### Recorded data
╔══
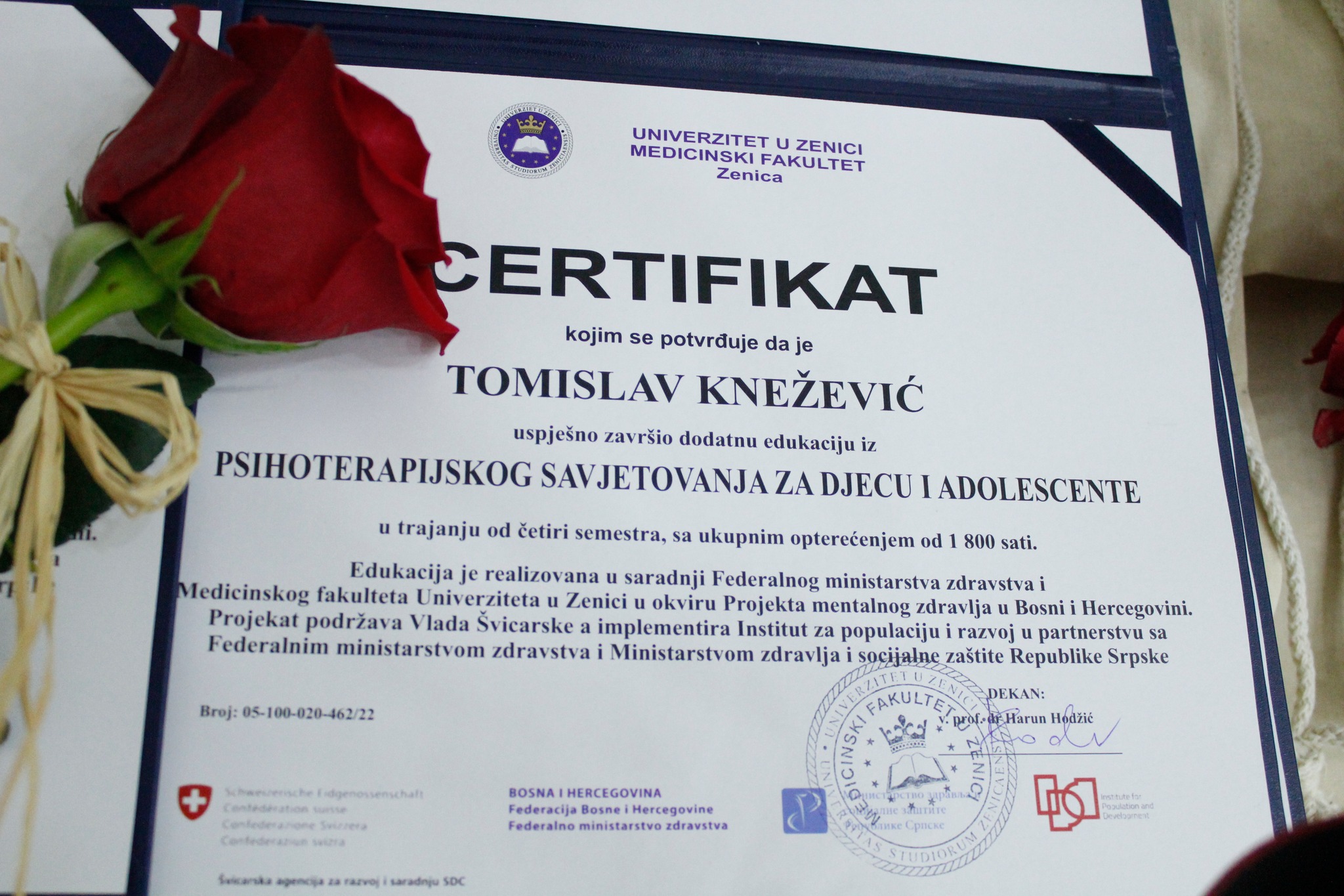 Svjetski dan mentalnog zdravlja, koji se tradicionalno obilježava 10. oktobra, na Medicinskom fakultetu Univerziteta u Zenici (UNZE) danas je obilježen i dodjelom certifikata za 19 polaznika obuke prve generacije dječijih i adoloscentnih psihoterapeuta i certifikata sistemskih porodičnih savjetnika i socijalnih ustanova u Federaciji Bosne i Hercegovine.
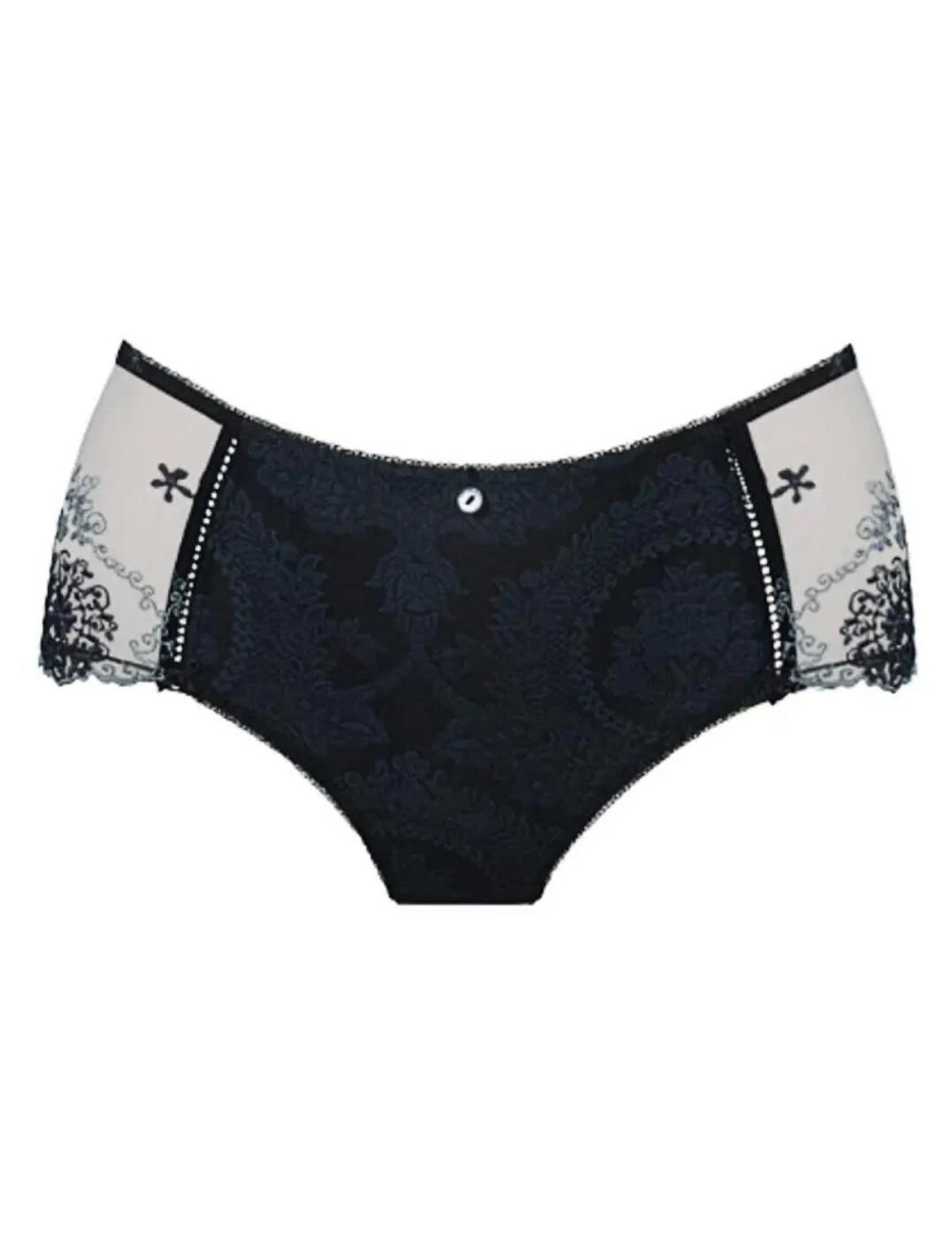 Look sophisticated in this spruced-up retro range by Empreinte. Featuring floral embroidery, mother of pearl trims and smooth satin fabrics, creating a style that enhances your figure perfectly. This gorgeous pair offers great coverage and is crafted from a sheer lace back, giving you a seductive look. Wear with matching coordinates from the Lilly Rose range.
╚══
╔══
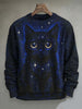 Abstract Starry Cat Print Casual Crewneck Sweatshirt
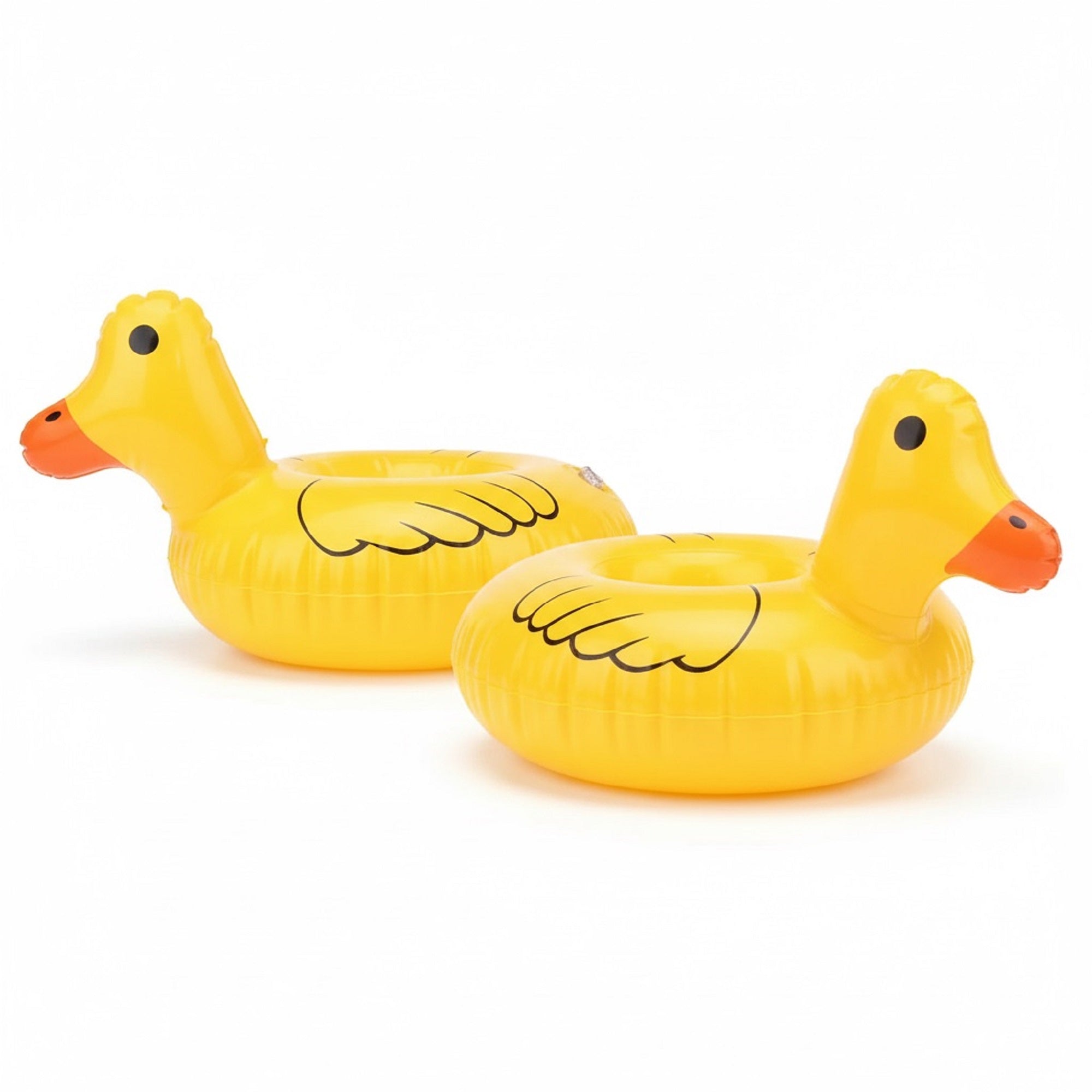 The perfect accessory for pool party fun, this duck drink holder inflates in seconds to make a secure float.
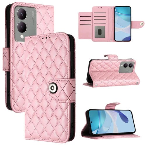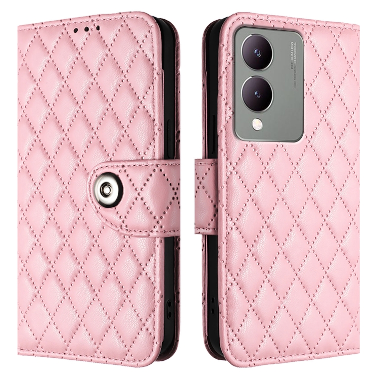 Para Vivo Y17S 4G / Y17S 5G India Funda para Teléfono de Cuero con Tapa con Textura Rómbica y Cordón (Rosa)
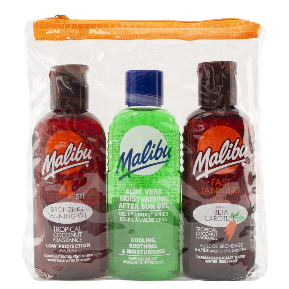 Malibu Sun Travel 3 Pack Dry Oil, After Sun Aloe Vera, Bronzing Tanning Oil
╚══
╔══
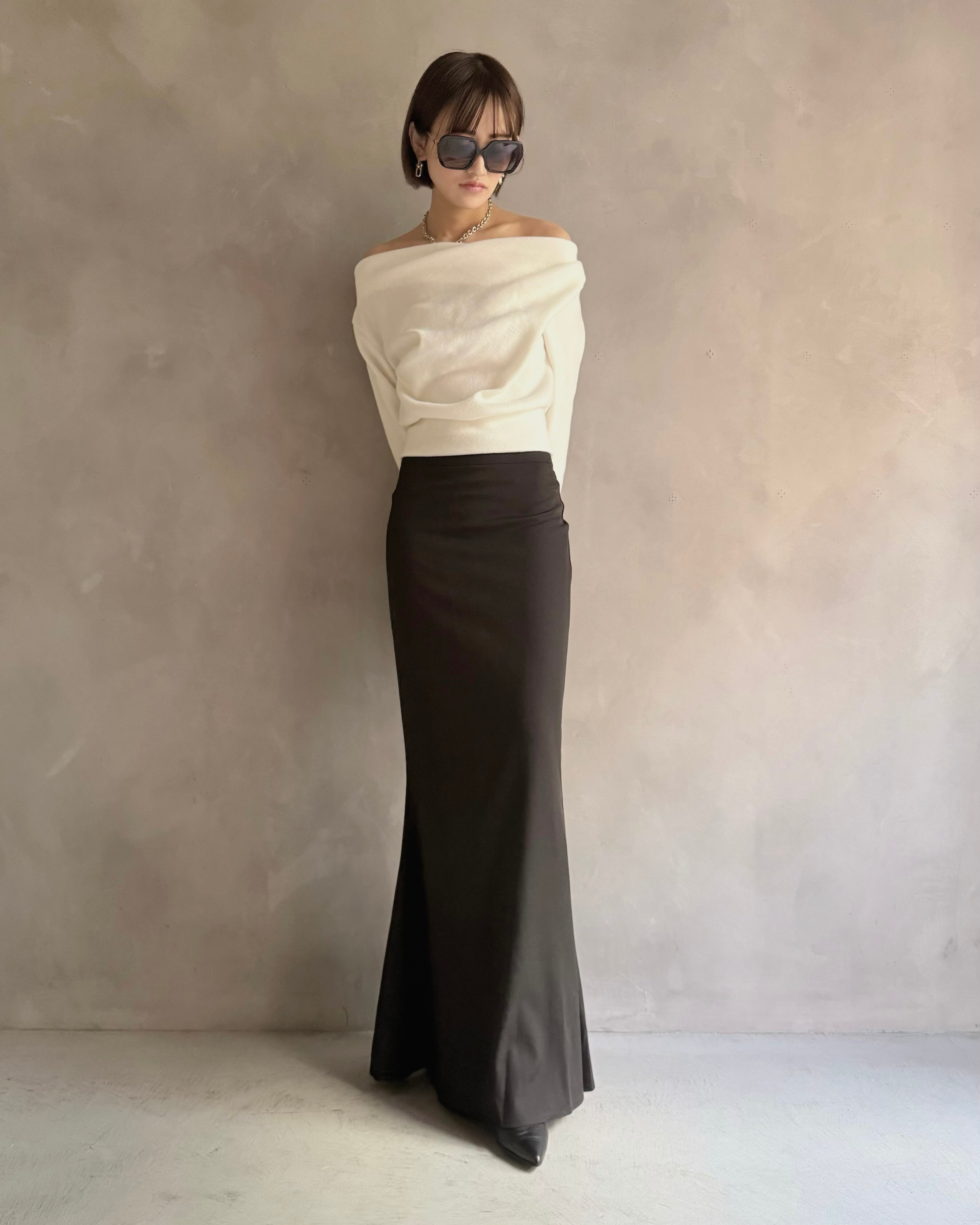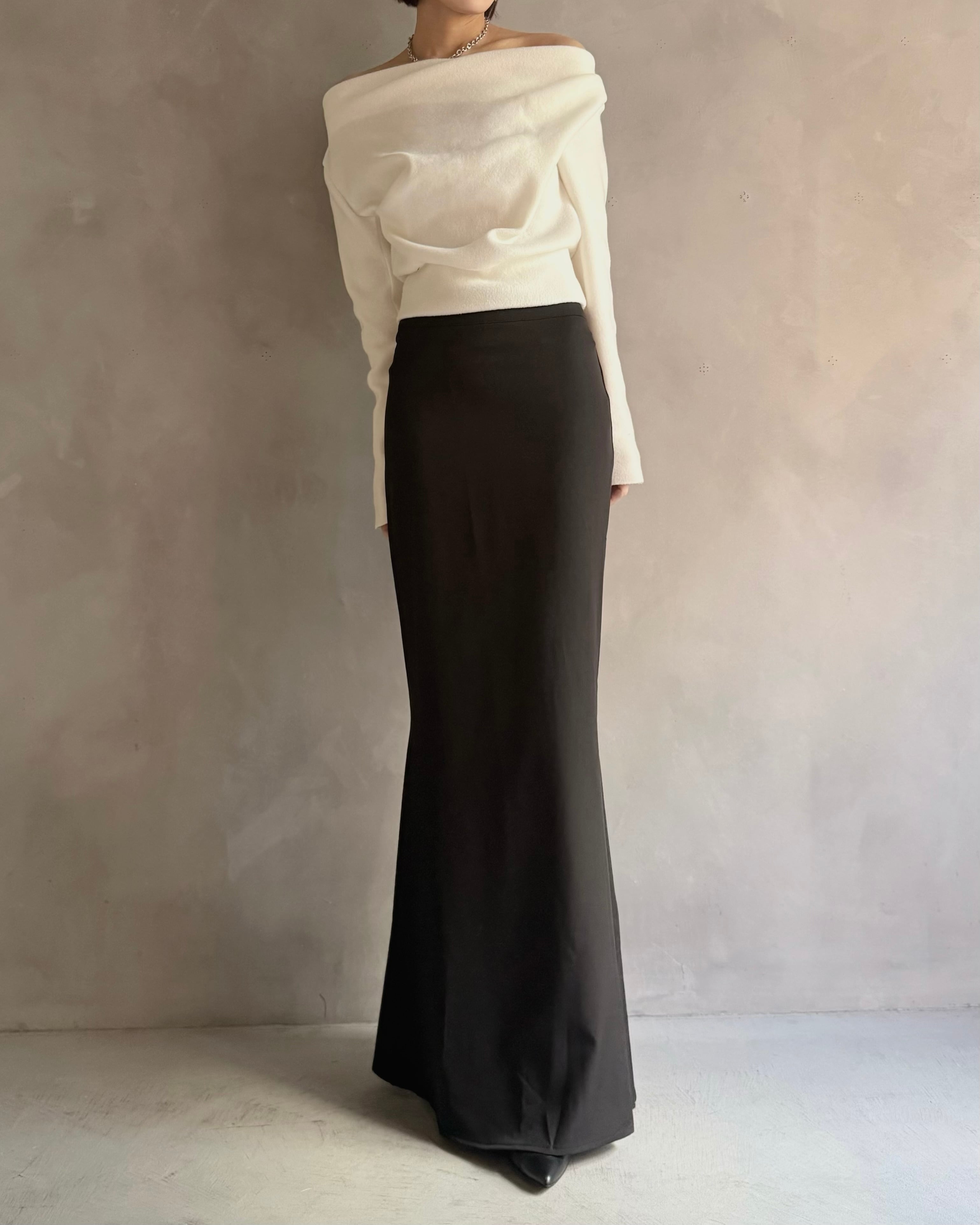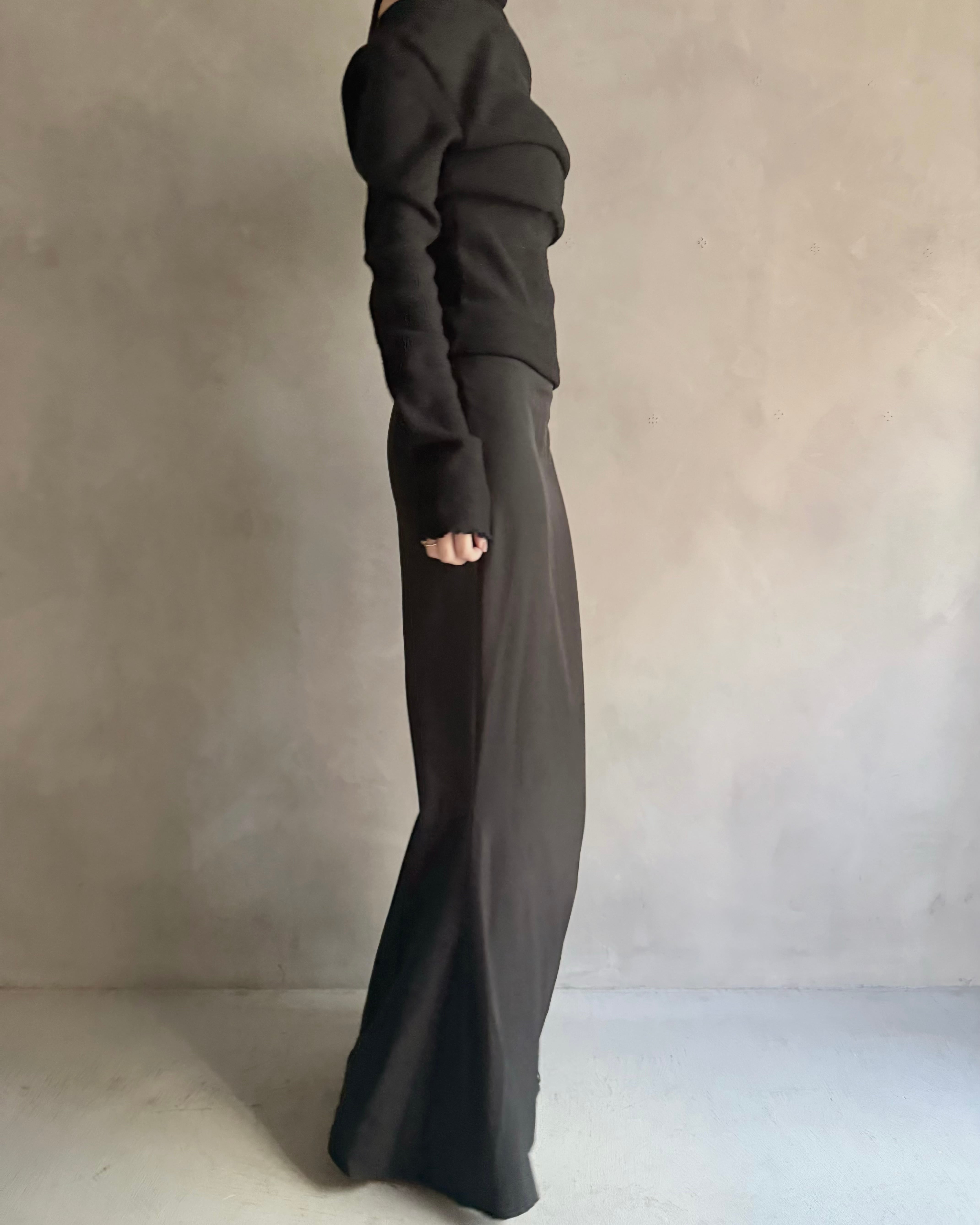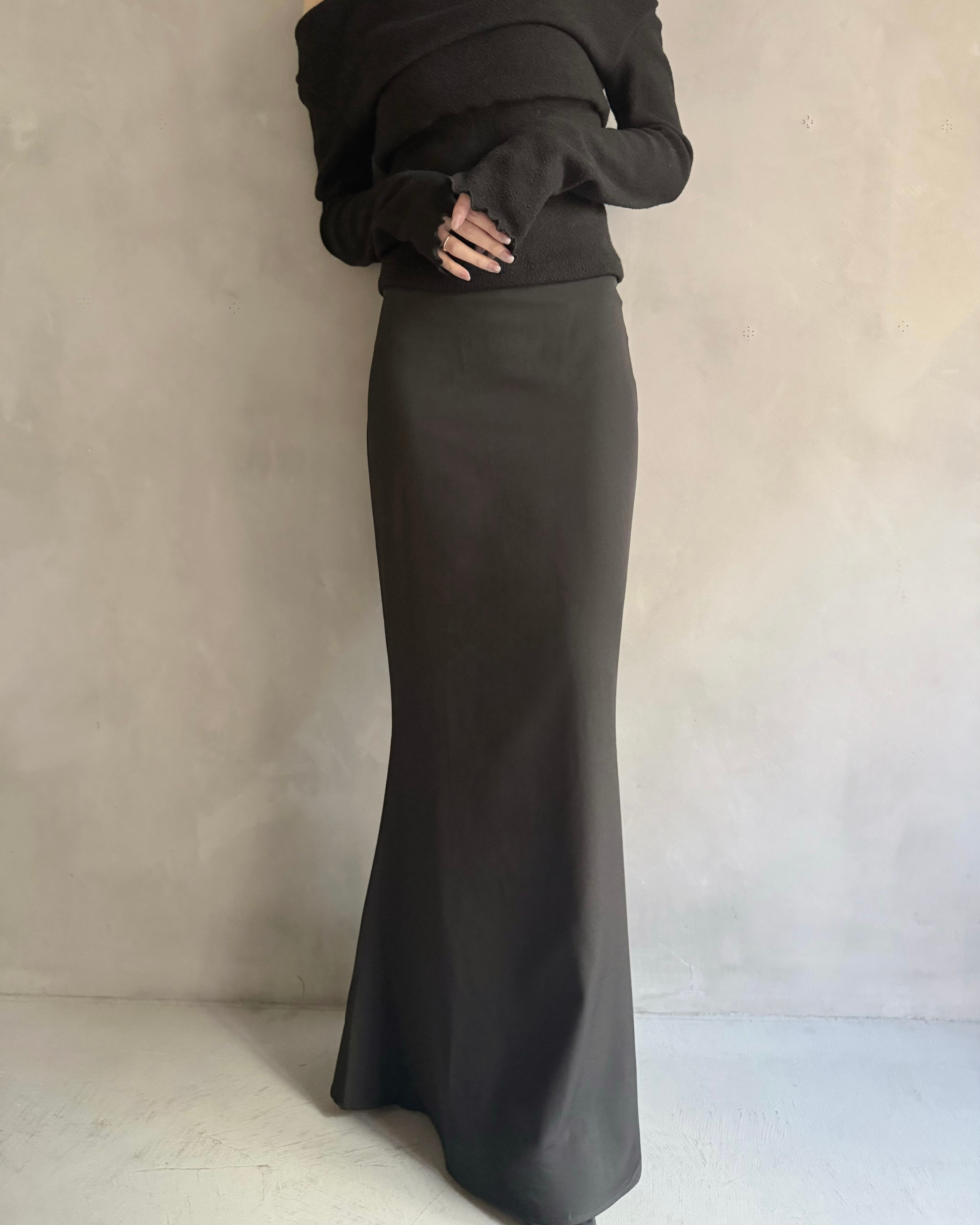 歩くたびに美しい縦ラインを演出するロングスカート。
╚══
### What you are asked to do
In the data above, find the line containing "Svjetski dan mentalnog" and the line containing "Look sophisticated in". Repeat those two lines and everything between them exactly, minus the pictures.

### Expected answer
 Svjetski dan mentalnog zdravlja, koji se tradicionalno obilježava 10. oktobra, na Medicinskom fakultetu Univerziteta u Zenici (UNZE) danas je obilježen i dodjelom certifikata za 19 polaznika obuke prve generacije dječijih i adoloscentnih psihoterapeuta i certifikata sistemskih porodičnih savjetnika i socijalnih ustanova u Federaciji Bosne i Hercegovine.
 Look sophisticated in this spruced-up retro range by Empreinte. Featuring floral embroidery, mother of pearl trims and smooth satin fabrics, creating a style that enhances your figure perfectly. This gorgeous pair offers great coverage and is crafted from a sheer lace back, giving you a seductive look. Wear with matching coordinates from the Lilly Rose range.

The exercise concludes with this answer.